Still not back on the bike but went on a family walk today c.4 miles. Lots of social distancing. 
Hoping that I’ll try getting on the bike (1st via Zwift) this week.


----------



## Maverick Goose (29 Mar 2020)

Yellow Saddle said:


> I walked to the fridge and looked inside a few times.


What were you expecting to find?...

View: https://www.youtube.com/watch?v=icMLt8HLL9I


----------



## wafter (30 Mar 2020)

I've done about 62 miles on the road bike and a further 20ish mincing around on the town bike, with a couple of hours walking this afternoon. 

Mustn't grumble


----------



## steveindenmark (30 Mar 2020)

icowden said:


> Anyone else doing cycling as their prescribed exercise for lockdown?
> 
> The BiL and I went out today for a long ride (out through cobham, then down through Ockham, East Clandon, Gomshall, and then back up. It nearly killed me. I haven't been out in a while plus those Surrey hills are HILLY. I mean SERIOUSLY HILLY.
> 
> ...


Do you live with your brother in law?

My BiL came back 2 weeks ago from a 3 month deployment to Africa. Unfortunately we have not been able to meet up since he got back.


----------



## icowden (30 Mar 2020)

steveindenmark said:


> Do you live with your brother in law?



Nope, but he and his family live about 5 minutes away and they see us most days, so if one of us had it we'd already all have it.
Plus we were a group of no more than 2 people which is allowed :-)


----------



## steveindenmark (30 Mar 2020)

icowden said:


> Nope, but he and his family live about 5 minutes away and they see us most days, so if one of us had it we'd already all have it.
> Plus we were a group of no more than 2 people which is allowed :-)
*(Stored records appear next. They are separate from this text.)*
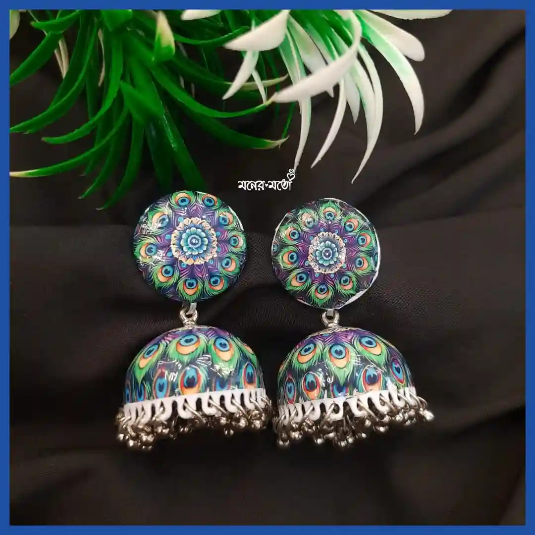 The Peacock Dream Digital Print Jhumka Earrings from Moner Moto bring a kaleidoscope of blue, green, and violet hues alive through digital artistry. Finished with silver ghungroo charms and traditional dome detailing, these earrings celebrate festive vibrancy in a fresh, fashionable way. Perfect for both ethnic sarees and Western silhouettes, this pair redefines Indo-Western fusion jewellery. Adorn your ears with the beauty of the peacock — India’s most majestic symbol of grace.
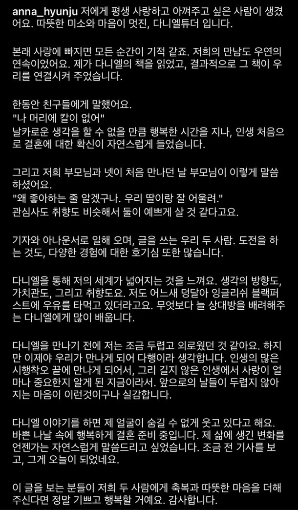임현주 아나운서가 결혼한다는 소식… 축하드립니다.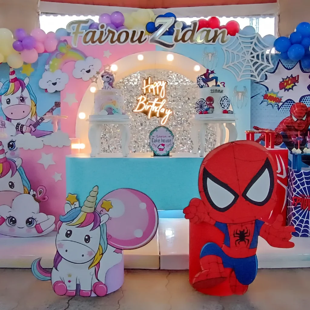 This unique party setup brilliantly combines two beloved themes. One side features enchanting unicorns and rainbows in pastel colors. The other side is a dynamic tribute to Spiderman, showcasing both spiderman birthday party ideas and magical unicorn fun.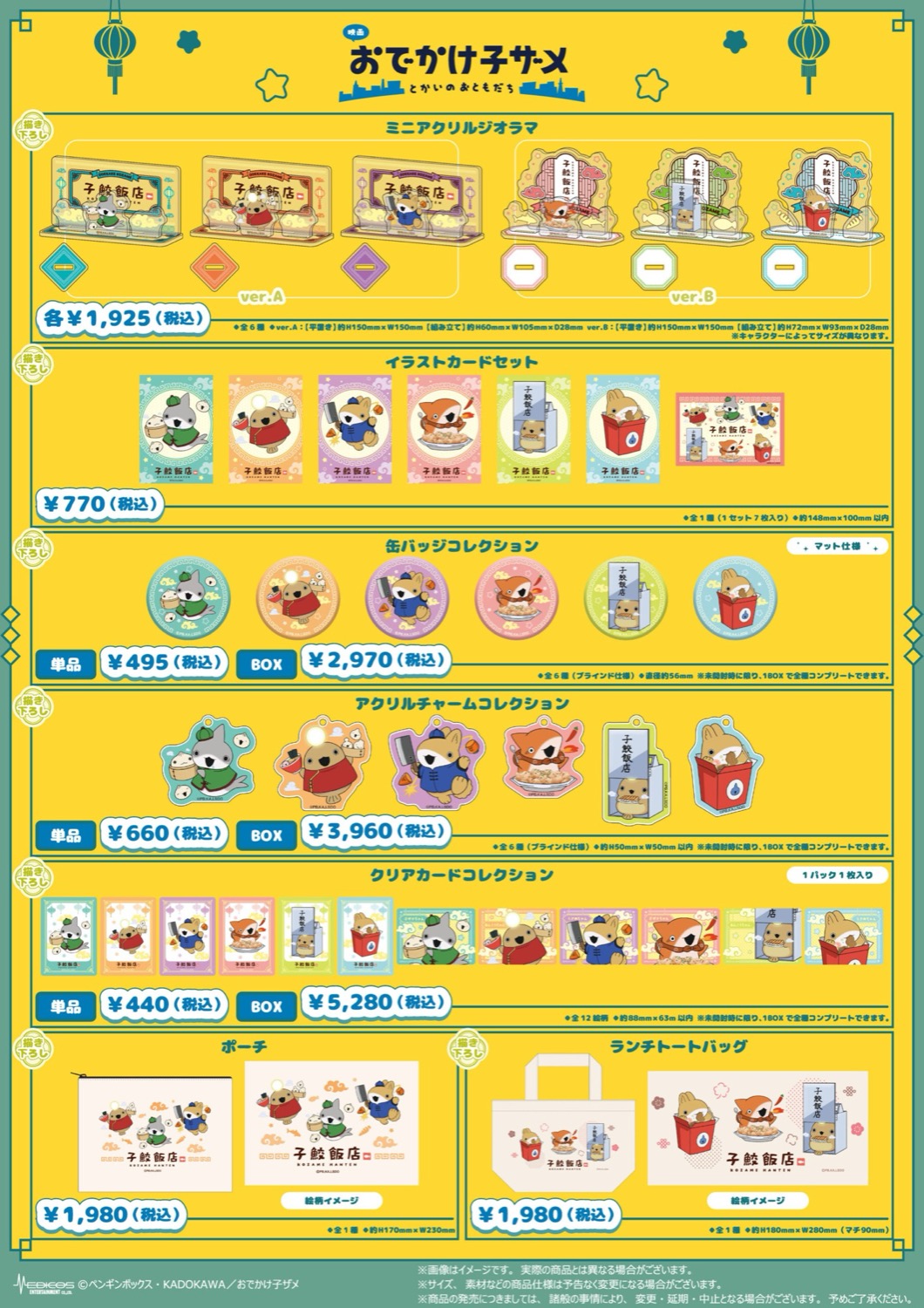 さらに”子鮫飯店”をテーマに子ザメちゃん・あんこうちゃん・うさめちゃんら人気キャラクター達を描き下ろした新規イラストの「ミニアクリルジオラマ」「イラストカードセット」「缶バッジコレクション」などのコラボカフェ限定グッズも発売!

Yes you are allowed 2 people from the same household. Not the same family.

But if neither of you have it. Or so you believe. But one of you go out today and get it. Then you are going to spread it between 2 households. Does that make sense to you?


----------



## vickster (30 Mar 2020)

Indeed, unfortunately you really should not be seeing your BIL and family at all currently - except virtually 

Have you not seen Chris Whitty's ad which is on every channel many times a day - do not see anyone outside your household even family and friends (or similar).


----------



## PeteXXX (30 Mar 2020)

Just under 5 miles of fairly briskish walking, dropped a few essentials on isolated daughters doorstep, and had a chat from the roadside. 
I walked past the Weston Favel centre and B&M, and they're both only allowing a few people at a time through the doors. (I wasn't planning to go in, anyway) 
Back through a quiet Lings Woods.


----------



## icowden (30 Mar 2020)

steveindenmark said:


> Yes you are allowed 2 people from the same household. Not the same family.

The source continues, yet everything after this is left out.